Нарезанный хлеб ссыпа́лся в полиэтиленовый пакетик, который заботливо укладывался в «торбу» – мешок из плотного нейлона, выстланный изнутри все тем же полиэтиленом. Торбу можно было нести за обе ручки, а при необходимости повесить на локоть. Несмотря на многофункциональную полезность торбы – она совмещала в себе сумку, авоську, аптеку и, при необходимости, собеседника – торба оставалась торбой и обозначала жизненную веху под названием Старость.
Давно миновало время сумок и сумочек – кожаных, лаковых, замшевых; время ридикюлей не толще книжки, и впрямь нелепых на первый взгляд, но только на первый. Дамы носили их под мышкой, отчего сразу преображались: надменно приподнимались плечи, плечам вторили брови, шаги становились быстрее и короче, фигура неприступной, а взгляд соответствовал фасону шляпки, и никак иначе, ведь ридикюль и шляпка были неразлучны, как Сцилла и Харибда, как Тристан и Изольда, как Макс и Мориц.
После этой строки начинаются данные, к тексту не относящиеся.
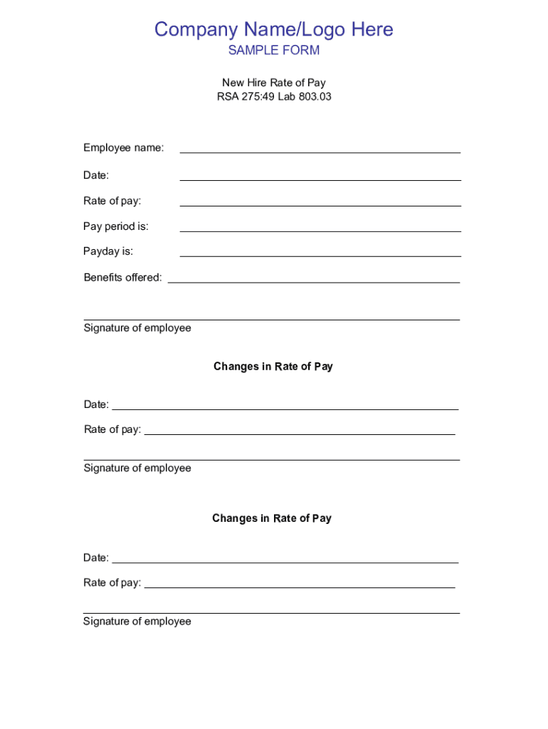 Company Name/Logo Here SAMPLE Former Hire Rate of Pay RSA 275:49 Lab 803.03Employee name: Date: Rate of pay: Pay period is: Payday is: Benefits offered: Signature of employee Changes in Rate of Pay

И даже дома, положив сумочку, хозяйка бережно снимала шляпку и клала ее рядом с ридикюлем. Сейчас об этом помнит только старый будильник: он первым приветствовал неразлучную парочку на комоде. Да, будильник выглядел тогда совсем иначе: сверкающие никелированные бока, белое личико циферблата, и даже без двадцати пять стрелки‑усики придавали не уныние, а только задумчивость, не говоря уже о том, как звонко, точно языком прищелкивал, он тикал под блестящим своим круглым беретиком, – чем не шляпка?
Они с сестрой всегда выбирали шляпки в магазине Фридмана – там же, на улице Грешников; потом лакомились пирожными в уютном кафе «Маленький Париж», и Тоня искоса посматривала в огромное зеркало, словно новая шляпка была уже на ней, а не в картонке с витым шнурком, как всегда упаковывали у Фридмана.
…Полногрудые голуби, издавая чревовещательные звуки, клевали хлеб. Иногда в их солидную толпу пикировал с ветки взъерошенным мячиком воробей, дерзко хватал самый лакомый кусочек и летел обратно, с трудом удерживая в клюве трофей. Голуби возмущенно клокотали о том, какая молодежь пошла и что нахальство – второе счастье… Бабушка улыбалась: всем хватит; завтра, Бог даст, еще принесу.
Подхватывала торбу и возвращалась домой.
Главное – не думать, что с ней делают в больнице, а для этого нужно, чтобы все время были заняты руки и голова, – чем угодно, хоть шляпками. Вот недавно в шкафу попалась карточка, где они с Тоней из магазина выходят; тогда она сразу и вспомнила – как увидела – большие буквы над входом: «A. FRIEDMAN». Надо положить поближе и показать внучке, какие шляпки носили в наше время; пусть только поправится. Теперь память стала строптивой: придешь на кухню, а там стоишь и вспоминаешь, зачем шла. Восемьдесят пять…
Так вот она, между стопками белья! Бабушка вынула неровную пачку плотных фотографий. Одна выскользнула и глухо клюнула пол, словно кто‑то стукнул в дверь согнутым пальцем. Потянулась за очками, но раздумала: к чему, если фотографию душой помнишь?
Герман был двоюродным братом покойного мужа, но любил, чтобы все, включая Колю, называли их кузенами. Их матери‑сестры были в юности очень близки. Потом старшая неожиданно вышла замуж за местного хуторянина и уехала, так что видеться они стали очень редко; повзрослевшие сыновья, наоборот, крепко сдружились. Герман был тремя годами старше Коли, но не только выглядел более юным, но и во всем подражал младшему: курил те же папиросы, покупал рубашки в том же магазине, что и Коля, не говоря об аксессуарах; когда младший впервые появился в галстуке‑бабочке, высмеял его безжалостно, чтобы выказать независимость суждений, каковая независимость продержалась аж до следующего дня и была оставлена на пороге английского магазина, как оставляют зонтики и забывают о них.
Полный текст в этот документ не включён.